Dublin Gaelic football goalkeeper (1944–2025)

Patrick Cullen (18 October 1944 – 6 February 2025) was an Irish Gaelic football manager and player. His league and championship career at senior level with the Dublin county team spanned thirteen years from 1966 to 1979.

==Career==

Born in Stoneybatter but raised in the North Wall area of Dublin, Cullen was introduced to Gaelic football by the Christian Brothers at St Laurence O'Toole National School and later at the North Strand Vocational College.
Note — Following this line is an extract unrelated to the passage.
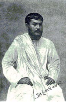
భూపేంద్రనాథ్ దత్త (1880 – 1961)
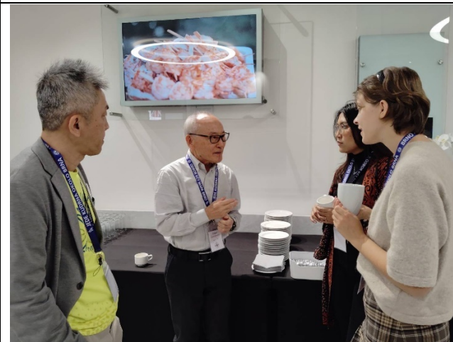
會議中場討論交流

He joined the O'Connell Boys club straight after finishing his schooling and enjoyed a club career that spanned four decades from 1959 until 1982.

Cullen combined both Gaelic football and soccer in his youth and developed a reputation as a fine soccer goalkeeper when he played in the local street leagues. He later lined out with McNaughton's in the Athletic Union League. Cullen made his debut on the Gaelic football inter-county scene when he captained the inaugural Dublin under-21 team in 1964. Two years later he made his senior debut as a late call-up at full-forward against Derry during the 1966-67 league. After impressing in a tournament game at Easter 1967, Cullen was selected as Dublin's first-choice for the championship. Over the course of the next thirteen seasons, he won three All-Ireland medals, beginning with a lone triumph in 1974, followed by back-to-back titles in 1976 and 1977. He also won six Leinster medals, two National Football League medals and four All-Stars. Cullen played his last game for Dublin in September 1979.
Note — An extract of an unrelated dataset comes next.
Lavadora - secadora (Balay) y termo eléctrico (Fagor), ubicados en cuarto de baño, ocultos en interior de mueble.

After being chosen on the Leinster inter-provincial team for the first time in 1974, Cullen won his sole Railway Cup medal that year as a non-playing substitute.

In retirement from playing Cullen became involved in team management. He served as manager of the Dublin senior team from 1990 to 1992 and guided the team to Leinster and National Football League titles.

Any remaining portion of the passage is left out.